Most of us have dreamt of getting the keys to our first home at some stage in our lives, the chance to have a place to call your own.

But what if you can have two – or more – properties, and all the time someone else is paying?

Halifax Mortgages, for example, are among the many lenders who could help open the doors to becoming a buy-to-let landlord.

In principal, buy-to-let mortgages are a fantastic way to help you build for a brighter future, whether it is creating a retirement nest egg or paying for a property to pass on to your children.

And if your tenants are covering the tab then everyone could be a winner. Buy-to-let mortgages could be available to you if you want to invest in property and:

  • have a good credit record and aren’t being financially stretched
  • earn more than £25,000 per year
  • will be aged 70 or under by the time the mortgage is paid off.

If you tick those boxes then congratulations, things just became a lot easier.

Understanding the Challenges of Buy-To-Let

But that doesn’t mean becoming a landlord isn’t without its pitfalls, and that’s why it is vitally important you do your research first.

If you want to buy a second property then fees, interest rates and minimum deposits tend to be higher, meaning you may need to have more saved up than you would normally expect when purchasing bricks and mortar.

This is also particularly important when considering that you may not always have tenants in your property.

If you need to do the place up before putting up the ‘To Let’ sign then you could be looking at a few months without any income from the building – but plenty of outgoings as the work goes on.

There may also be occasions where your tenants move on and it takes a few weeks or months to find someone else willing to move in.

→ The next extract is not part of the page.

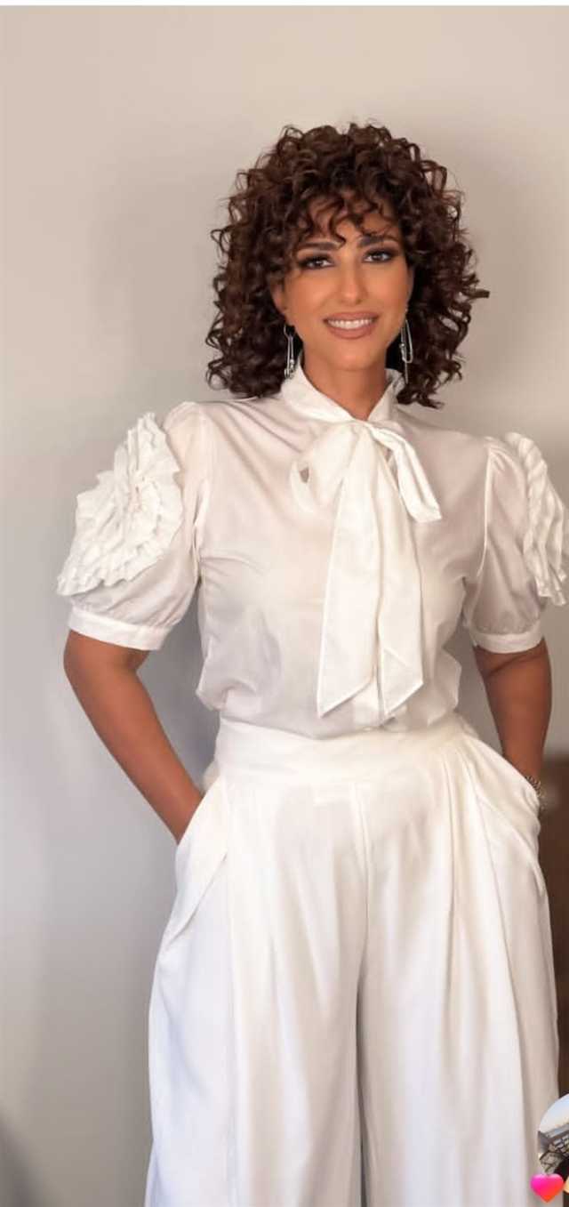 و خطفت حنان مطاوع الأنظار اثناء تجولها في شارع المعز لدين الله الفاطمي و خضوعها جلسه تصوير جديد، مرتديه قميص ابيض مميز التصميم مع بنطال أنيق بنفس اللون لتعكس قوامها الرشيق ووزنها المثالي، لتشبه زهرة الصفاء.

The worst-case scenario could include the people living in your property being unable to stump up the cash.

You are also responsible for the upkeep of your property, such as the structure and exterior, fittings and fixtures including bannisters, chimneys, wiring, sinks, baths, toilets and boilers – all of which could mean further outlays on your behalf.

Understanding the Housing Market

It is also important not to presume house prices will continue to rise rapidly and that selling the property will be the best way to repay the mortgage and cash in for a quick buck (especially if your have taken out an interest only mortgage).

If house prices slump then you may be forced to pay the difference, while any income you receive from rent is also taxable.

A three per cent stamp duty surcharge on buy-to-let and second home properties was also introduced in April 2017, adding an additional cost which need to be planned for.

But being a landlord isn’t all doom and gloom and if you do your homework and get the right mortgage and property then there is no reason why you cannot enjoy a brighter future.

Indeed, rising house prices have left many people unable to purchase a home of their own, with the number of middle-aged renters doubling in a decade. People will always be looking for a place to live, so if you can offer them a place they are happy to call home then there should be no reason why you cannot succeed as a landlord.